** Opening Dataset extract block **
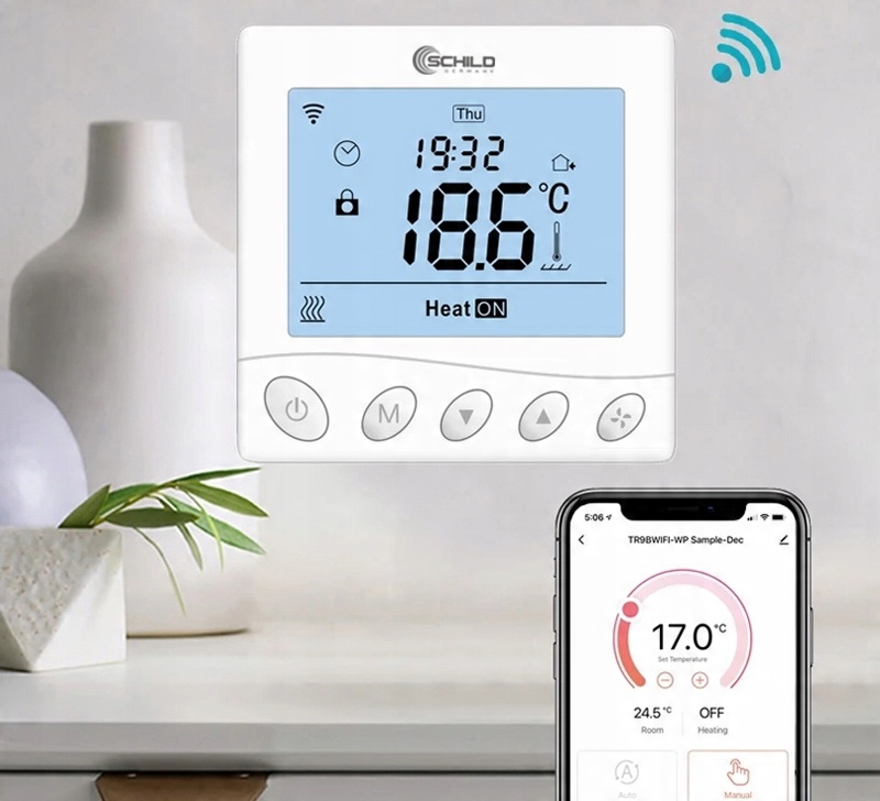 - Термостат также контролируется Wi-Fi, большой экраном, очень современный дизайн Schild BPW-33WIFI с большим экраном, освещенным светодиодом
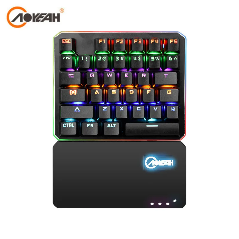 Goede Koop Aoyeah Een Enkele Hand Mechanische Toetsenbord USB Bedraad RGB Gaming Toetsenbord 35 toetsen Toetsenbord Ergonomisch voor overwatch Teclado Gamer PC Goedkoop
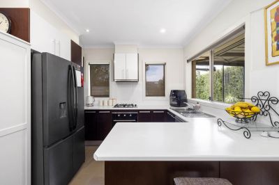 Stainless steel appliances adorn the kitchen including a gas cooktop, under bench oven and dishwasher, the meals area has room for a full size table and the generous lounge looks out to well-tended native gardens.
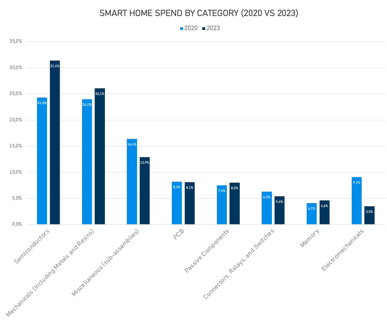 The spend (%) for Mechanical components has seen a notable dip in 2023, as compared to 2020. On the other hand, Electronics components such as semiconductor devices, PCBs, Memory, and other Miscellaneous Sub-assemblies have observed a slight growth in demand. This trend indicates the electrification of Smart Home infrastructure. Semiconductor devices are essential to smart homes, acting as the brains, senses, and communication links of various devices. They enable sensing (motion, temperature, etc.), processing (microcontrollers), and connectivity (Wi-Fi, Zigbee). Additionally, they manage power, create user interfaces, and secure the smart home network, showcasing their diverse roles in making homes intelligent and automated.
** Closing Dataset extract block **
§ **Exercise**: Repeat only the lines from the beginning of the material through the line containing "Stainless steel appliances", both ends kept, leaving pictures out.

§ **Output for this exercise**:
 - Термостат также контролируется Wi-Fi, большой экраном, очень современный дизайн Schild BPW-33WIFI с большим экраном, освещенным светодиодом
 Goede Koop Aoyeah Een Enkele Hand Mechanische Toetsenbord USB Bedraad RGB Gaming Toetsenbord 35 toetsen Toetsenbord Ergonomisch voor overwatch Teclado Gamer PC Goedkoop
 Stainless steel appliances adorn the kitchen including a gas cooktop, under bench oven and dishwasher, the meals area has room for a full size table and the generous lounge looks out to well-tended native gardens.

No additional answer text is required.